Re: PATN vs SPSS and SAS

Home Forums PATN and Pattern Analysis PATN Discussion PATN vs. Other Software Re: PATN vs SPSS and SAS

#447
lee
Keymaster

Hi Pete

SAS and SPSS are general statistical packages. PATN specialises in the exploratory aspects of statistics (pattern finding, hypothesis generation), not the confirmatory part (hypothesis testing) such as modelling.

PATN has association measures that are proven to recover underlying structure far better than the usual ones available in stats packages (eg Bray and Curtis, Kulczynski and two-step). Also, PATN’s custering techniques (both non-hierarchical and hierarchical) are adapted to maximise recovery by linking to known characteristics of the association measures. Ditto the ordination technique in PATN; SSH This is a hybrid of BOTH metric and non-metric scaling and is well proven over both traditional methds such as factor and principal components/coordinates.

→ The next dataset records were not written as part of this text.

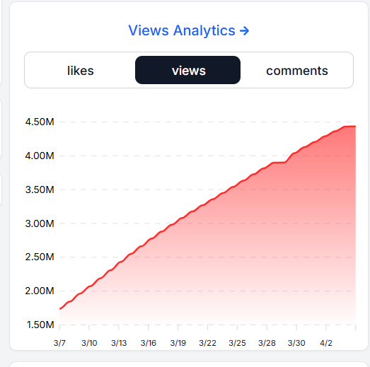 it's not the exponential growth of an algo pull viral hit, it just keeps rising
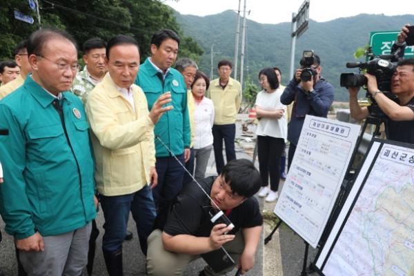 [중앙뉴스라인, 우제헌기자] 최근 사흘 간 괴산군에 400mm 넘는 비가 쏟아지며 피해가 잇따르자, 국회 정보위원장인 박덕흠 의원(보은?옥천?영동?괴산군, 국민의힘)은 16일 국민의힘 지도부와 함께 수해 상황을 살펴보고 긴급 대피한 주민들을 위로하고 나섰다.
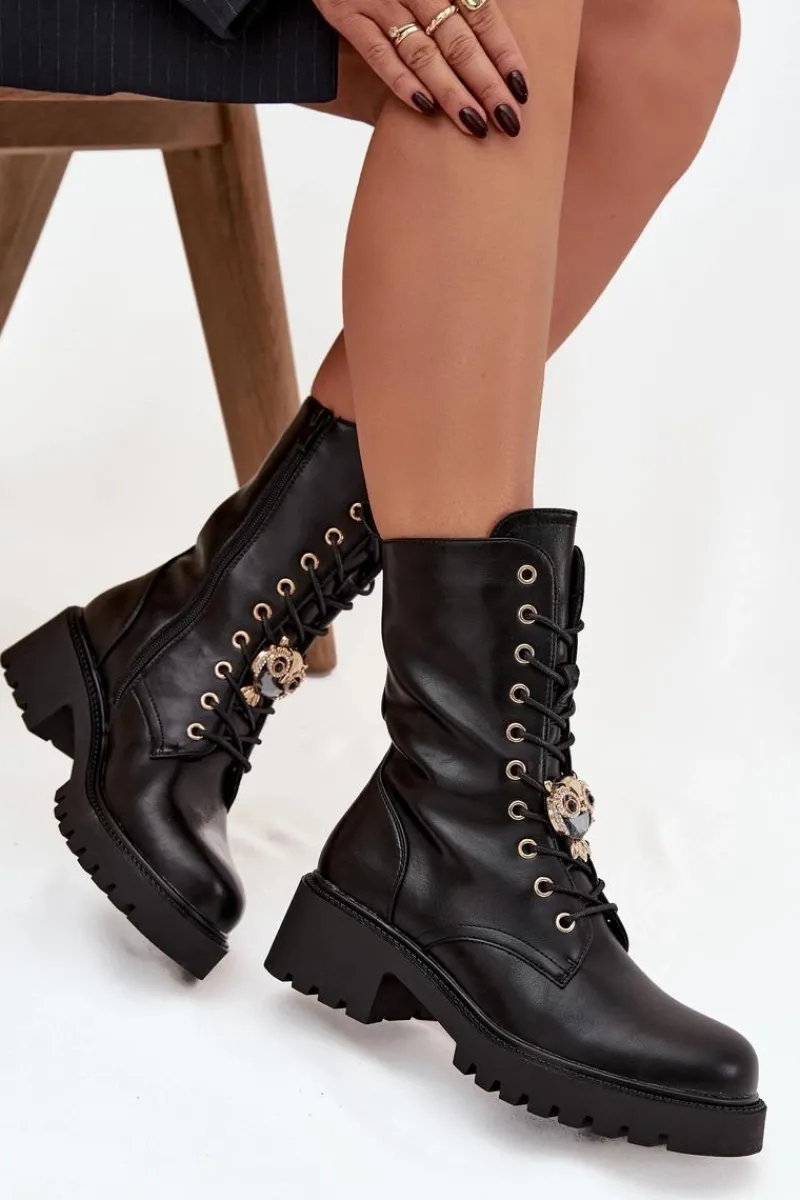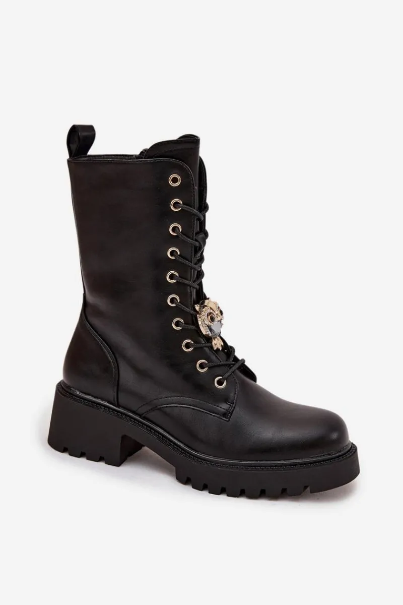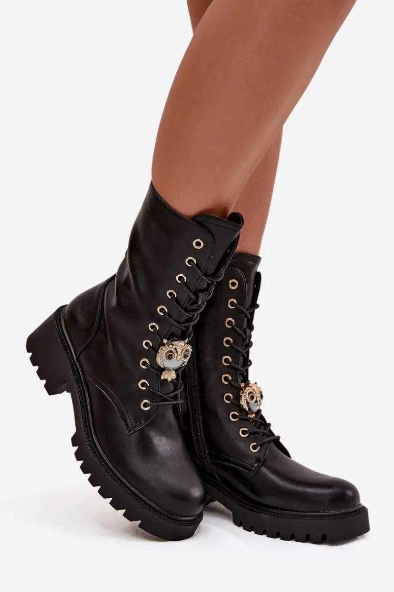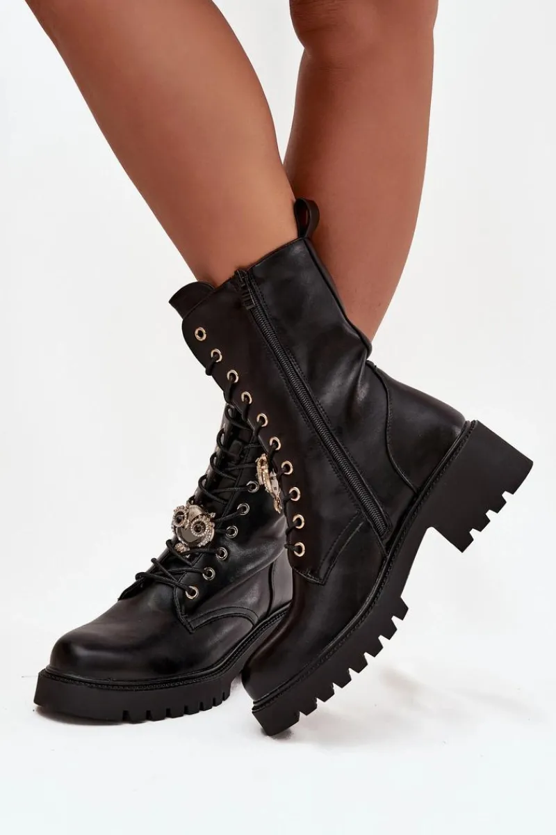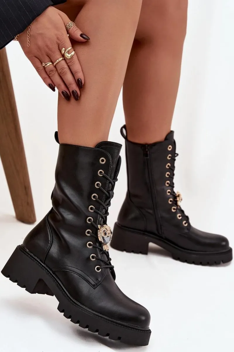 Botki workery damskie wykonane z eko skóry to połączenie stylu i funkcjonalności. Model osadzony na stabilnym obcasie typu klocek zapewnia komfort oraz pewność kroku. Buty są zapinane na zamek i sznurowane, co ułatwia zakładanie oraz dopasowanie do stopy. Ozdoba umieszczona przy sznurowaniu dodaje im modnego, charakterystycznego akcentu. To uniwersalne botki, które doskonale uzupełnią zarówno codzienne, jak i bardziej stylowe, miejskie stylizacje. Przy wyborze rozmiaru prosimy sugerować się tabelą rozmiarów.
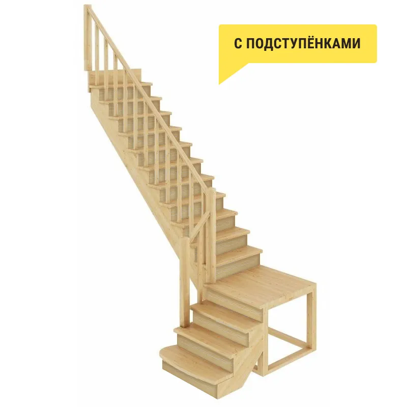 Базовый комплект включает в себя деревянные элементы лестницы и ограждения без какого-либо покрытия. Ограждение можно установить справа или слева.
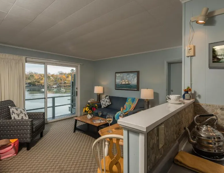 Comfortable Accommodations: Dockside Guest Quarters in York offers family rooms with sea views, balconies, and private bathrooms. Each room includes air-conditioning, a TV, and a sofa bed. Exceptional Facilities: Guests enjoy a sun terrace, garden, and free use of bicycles. The property features a restaurant serving American cuisine, a bar, and free WiFi. Additional amenities include a games room, children's playground, and free on-site private parking. Delicious Breakfast: A continental breakfast is served with local specialties, warm dishes, fresh pastries, cheese, fruits, and juice. Gluten-free options are available. Prime Location: Located 1.2 mi from York Harbor Beach and 14 mi from Portsmouth International Airport at Pease. Nearby attractions include Ogunquit Playhouse and Ogunquit Museum of American Art. Boasting a private entrance, this air-conditioned suite features 1 bedroom, 1 bathroom and a living room. Featuring a balcony with sea views, this suite also features a coffee machine and a TV. The unit has 2 beds.
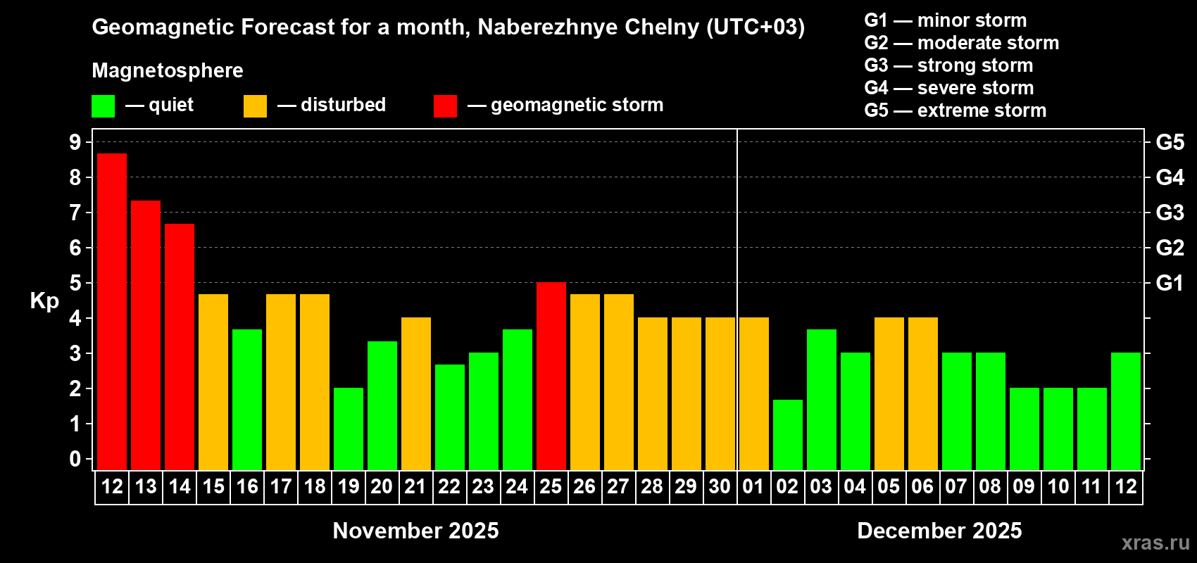 Geomagnetic storm forecast in Naberezhnye Chelny for Nov 12, 2025
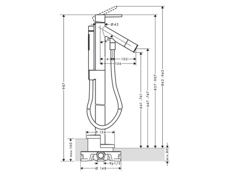 Смеситель для ванны и душа, Hansgrohe, Axor Starck, тип открывания воды-однорычажный, тип регулирования воды-керамический узел смешивания, тип установки-напольный, отверстия для монтажа-1, вынос излива, мм-156, внутренняя часть-необходимо заказать, цвет-шлифованное золото, в комплекте-держатель ручного душа, ручной душ Axor Starck, ½’, форма-цилиндрическая, тип струи-Rain, Mono, шланг с металлическим эффектом,мм-1250 Смеситель для ванны и душа, Hansgrohe, Axor Starck, цвет-шлифованное золото
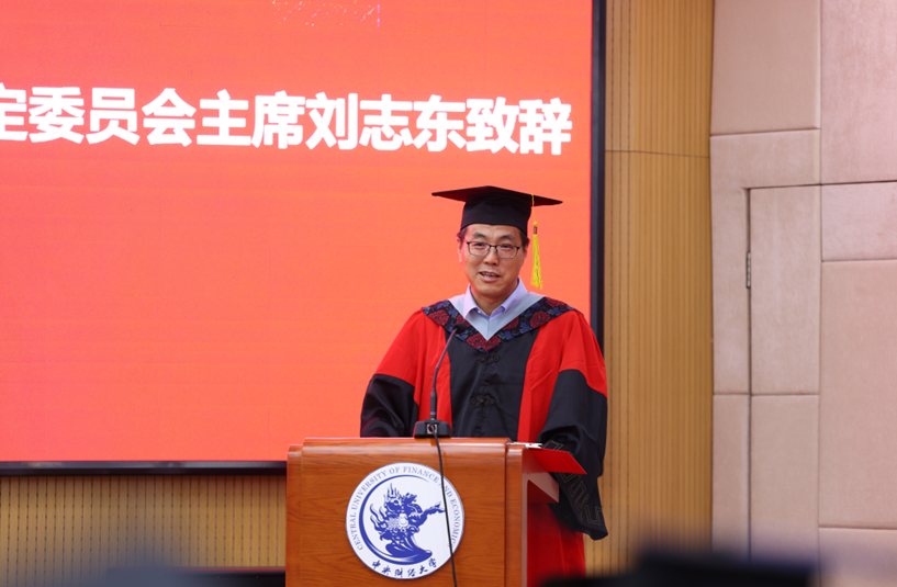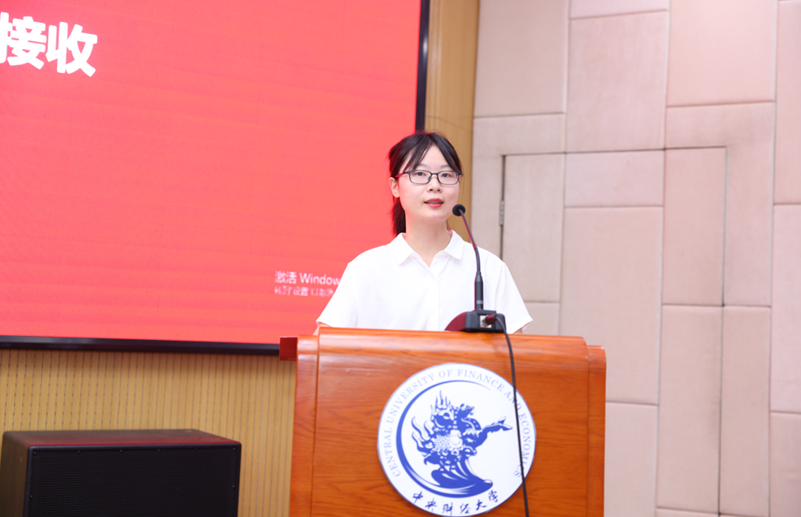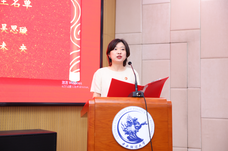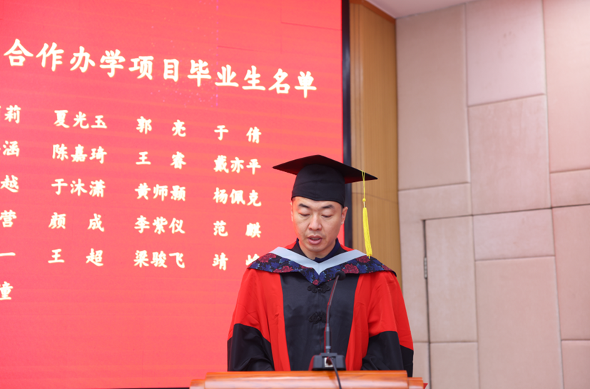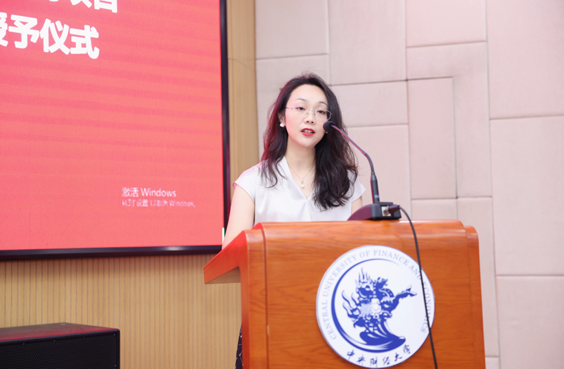 在新校友接收仪式环节,学院国际合作交流办公室刘赣玮老师宣读了《新校友接收词》,真诚欢迎项目各位毕业生加入中财史蒂文斯项目校友的大家庭。
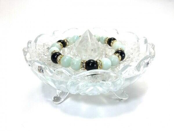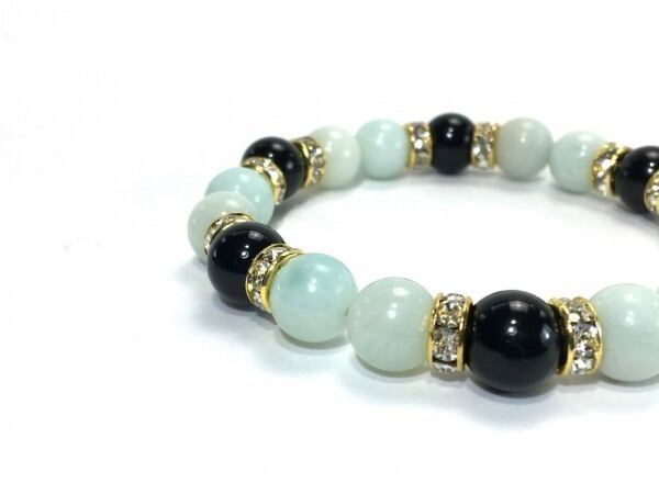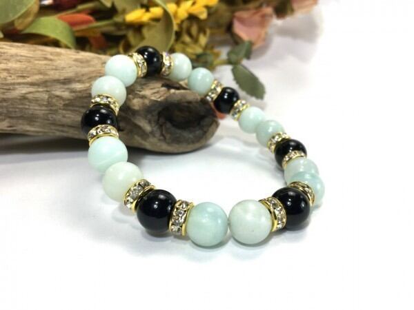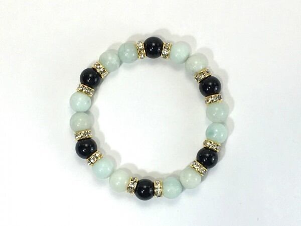 こちらは、アマゾナイトとオニキスを組み合わせたブレスレットです。間にはロンデルを挟み高級感あるデザインに仕上がっています。石大きさは腕にも馴染みやすいように10mm玉で内周約17cm(伸可能)です。数に限りがございますので気になる方はお早めにどうぞ。
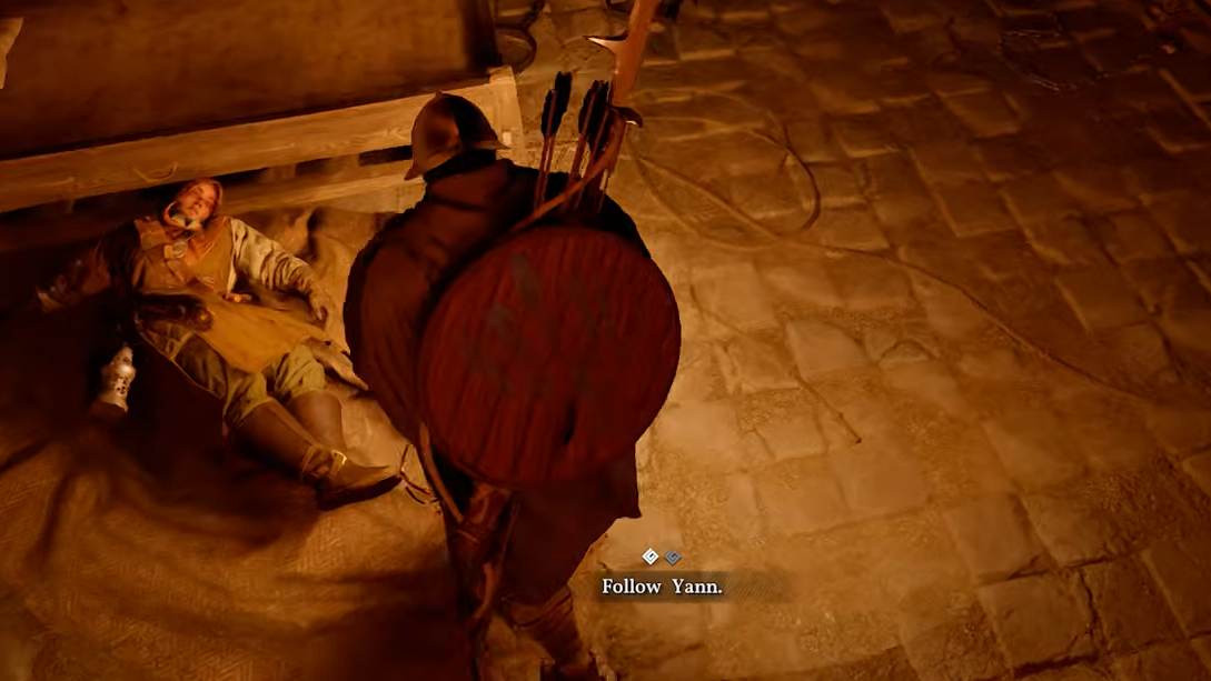 Once the cutscene ends, stealth is no longer required. Yann takes the lead, and you simply follow him out. Hold A on Xbox, X on PlayStation, or Left Shift on keyboard to keep pace with him automatically.
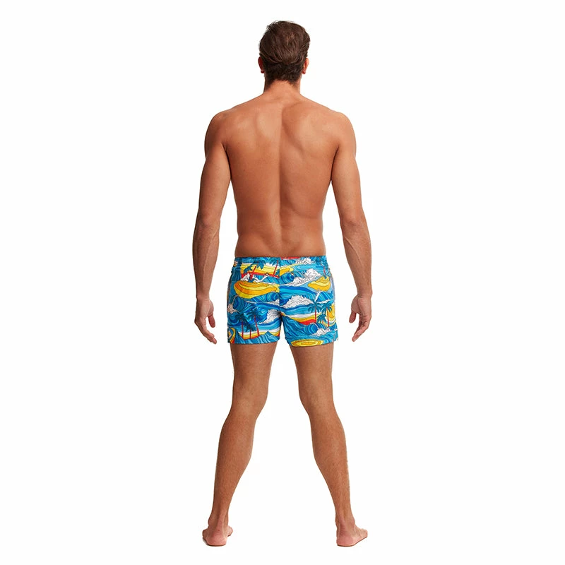 Short and stylish fitted watershort made of quick drying polyester. Features a built-in brief for added support, deep side pockets, coin pocket and drawcord to fasten. Now with Funky Trunks branded brass hardware including metal tips, eyelets and rivets. Funky Trunks patch on leg. Inseam length is 8.5cm. 90% Polyester 10% Elastane.
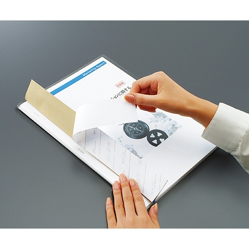 - ●ステープラー(ホッチキス)でとめて貼り付けるだけの簡単製本。薄とじから最大95枚の厚とじまで使える。●サイズ/A4タテ●色/黒●寸法/タテ305×ヨコ250mm●収容枚数/コピー用紙約95枚●表紙厚/0.2mm●材質/本体:R-PP●重量/27g●1パック=5冊※印刷物はよく乾かしてからとじてください。印刷物によっては化学反応を起こし、変形する場合があります。●製本テープ色は黒、5冊パックです。●薄とじから厚とじまで幅広く対応。1枚から95枚までの書類を簡単にステープラー(ホッチキス)で製本できます。●カバーに貼ってある製本テープで、簡単スピーディーに製本可能。ステープル(ホッチキス)どめの製本なので、かさばりません。●中身がよく見える透明PP製カバーです。研修会のテキスト・提案書・企画書・マニュアルなどに好適です。
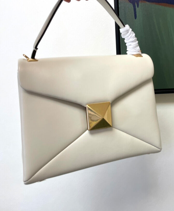 Valentino Small One Stud Handbag In Nappa Leather Cream
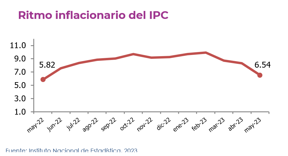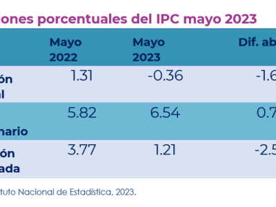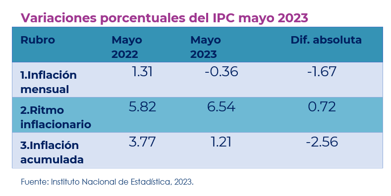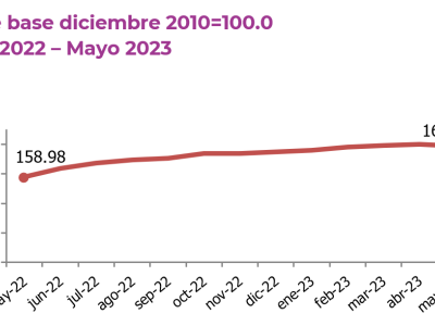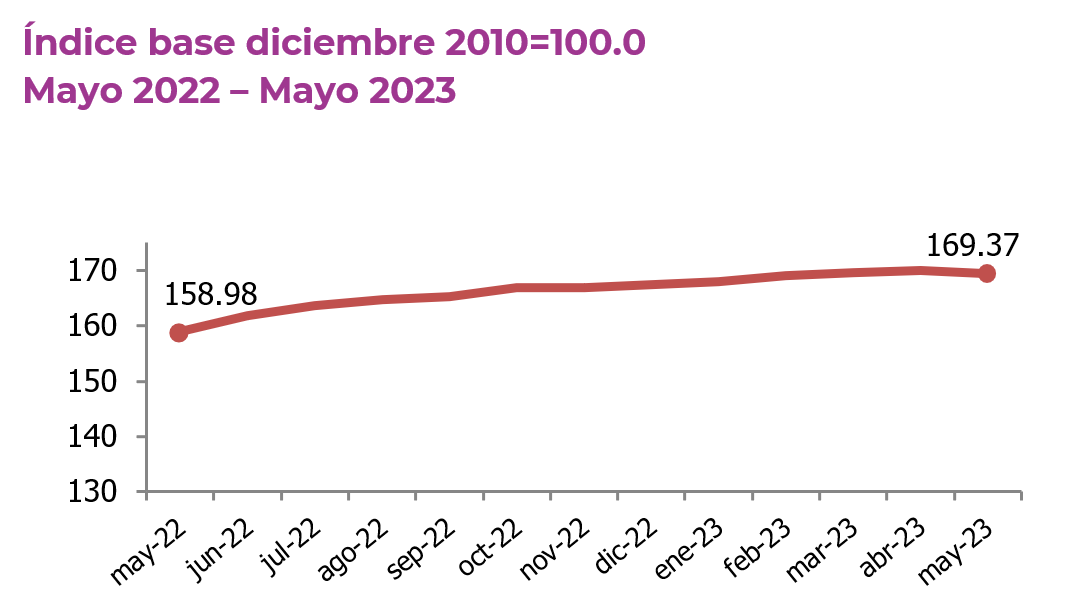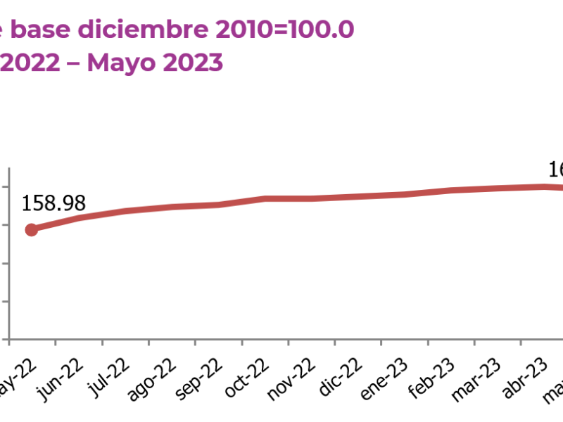 Guatemala, 07 de junio de 2023. Durante mayo, el IPC se ubicó en 169.37, registrando una inflación mensual de -0.36%, con un ritmo inflacionario de 6.54% y una inflación acumulada de 1.21%.

But, aside from the ‘engines’ inside PATN, the real difference is in HOW PATN interacts with the user. A (very) complete analysis in PATN takes about a minute from the time you import data till the time you have the results. PATN scans incoming data and picks an analysis stratgey. general packages cannot do that. This is literally the trivial part of PATN (but as stated above, it is a ‘robust’ part).

The really interesting – and fun partit is the interactive 3d display where you really get to understand the patterns. This is where he results all come together into one dynamix, interactive display. As far as I am aware, there is no statistical package that goes anywhere near PATN in interactive visualization. If you havent experienced this, it’s hard to explain what it is like. The interrogation/evaluation options on this display are very powerful in getting users to think about data structures, causes, processes. It is here were most PATN users spend 99% of their time. Correctly so. This is how PATN v3 was designed.

Hope that helps a little. I could say a lot more about the differences (natural colour, object comparisons, association histograms…) but I’d be interested to see what other PATN users would say.